Wang Liangqi, Tian Shuo, Zhu Rong
State Key Laboratory of Precision Measurement Technology and Instrument, Department of Precision Instrument, Tsinghua University, 100084 Beijing, China.
Microsyst Nanoeng. 2023 Sep 21;9:117. doi: 10.1038/s41378-023-00590-4. eCollection 2023.

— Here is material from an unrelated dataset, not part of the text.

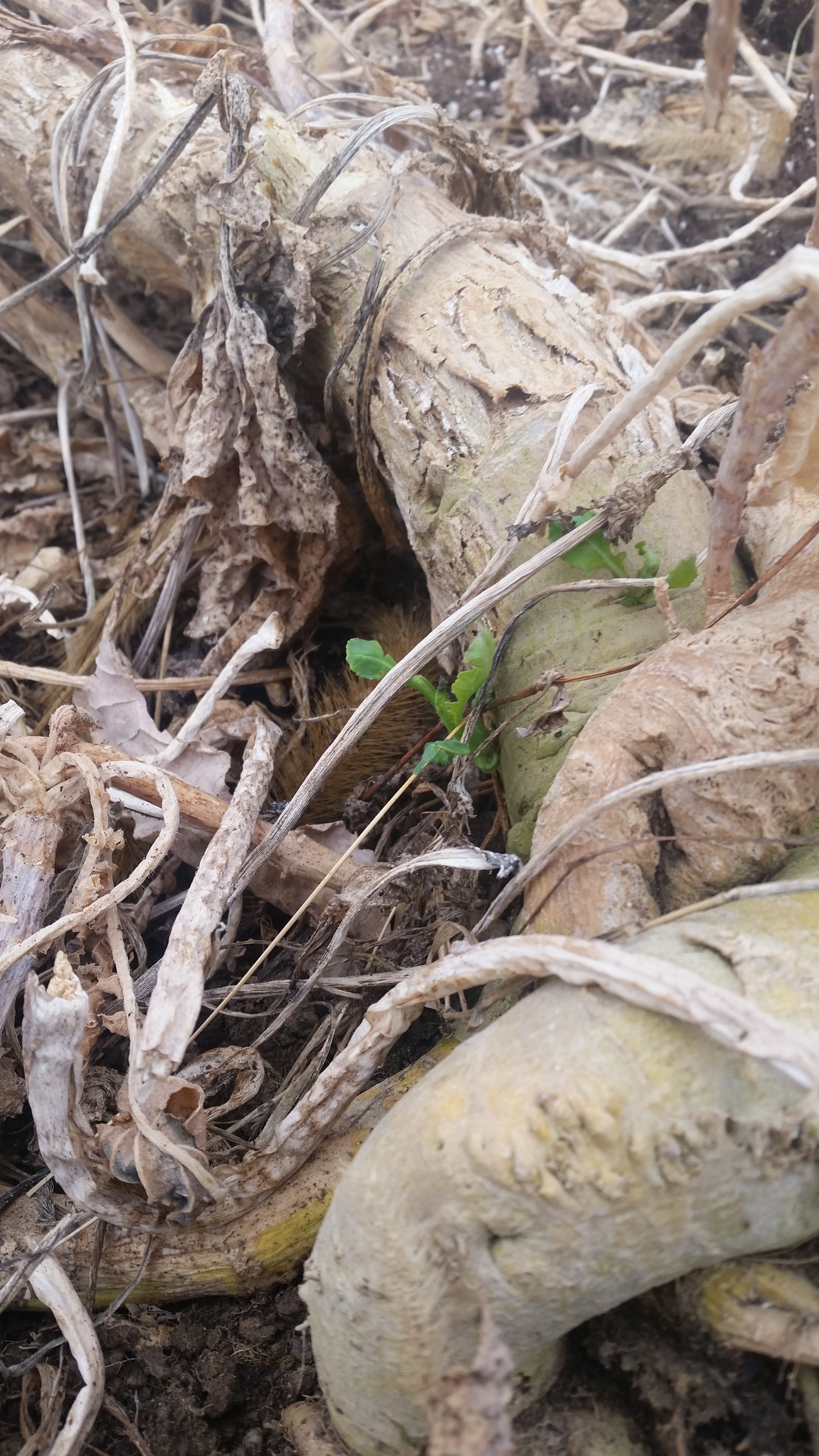 Winter was not kind to the Sutherland kale, or any kale I had in my greenhouse. It has died back to about four inches above the roots where it’s pushing out two weakly sprouts.

Hypertension is a worldwide health problem and a primary risk factor for cardiovascular disease. Continuous monitoring of blood pressure has important clinical value for the early diagnosis and prevention of cardiovascular disease. However, existing technologies for wearable continuous blood pressure monitoring are usually inaccurate, rely on subject-specific calibration and have poor generalization across individuals, which limit their practical applications. Here, we report a new blood pressure measurement method and develop an associated wearable device to implement continuous blood pressure monitoring for new subjects. The wearable device detects cardiac output and pulse waveform features through dual photoplethysmography (PPG) sensors worn on the palmar and dorsal sides of the wrist, incorporating custom-made interface sensors to detect the wearing contact pressure and skin temperature. The detected multichannel signals are fused using a machine-learning algorithm to estimate continuous blood pressure in real time. This dual PPG sensing method effectively eliminates the personal differences in PPG signals caused by different people and different wearing conditions. The proposed wearable device enables continuous blood pressure monitoring with good generalizability across individuals and demonstrates promising potential in personal health care applications.
高血压是一个全球性的健康问题,也是心血管疾病的主要风险因素。持续监测血压对心血管疾病的早期诊断和预防具有重要的临床价值。然而,现有的可穿戴式连续血压监测技术通常不准确,依赖于个体特异性校准,且个体间的通用性较差,这限制了它们的实际应用。在此,我们报告一种新的血压测量方法,并开发一种相关的可穿戴设备,以对新受试者进行连续血压监测。该可穿戴设备通过佩戴在手腕掌侧和背侧的双光电容积脉搏波描记法(PPG)传感器检测心输出量和脉搏波形特征,并结合定制的接口传感器来检测佩戴接触压力和皮肤温度。利用机器学习算法对检测到的多通道信号进行融合,以实时估计连续血压。这种双PPG传感方法有效地消除了不同人和不同佩戴条件导致的PPG信号中的个体差异。所提出的可穿戴设备能够对个体进行具有良好通用性的连续血压监测,并在个人医疗保健应用中显示出有前景的潜力。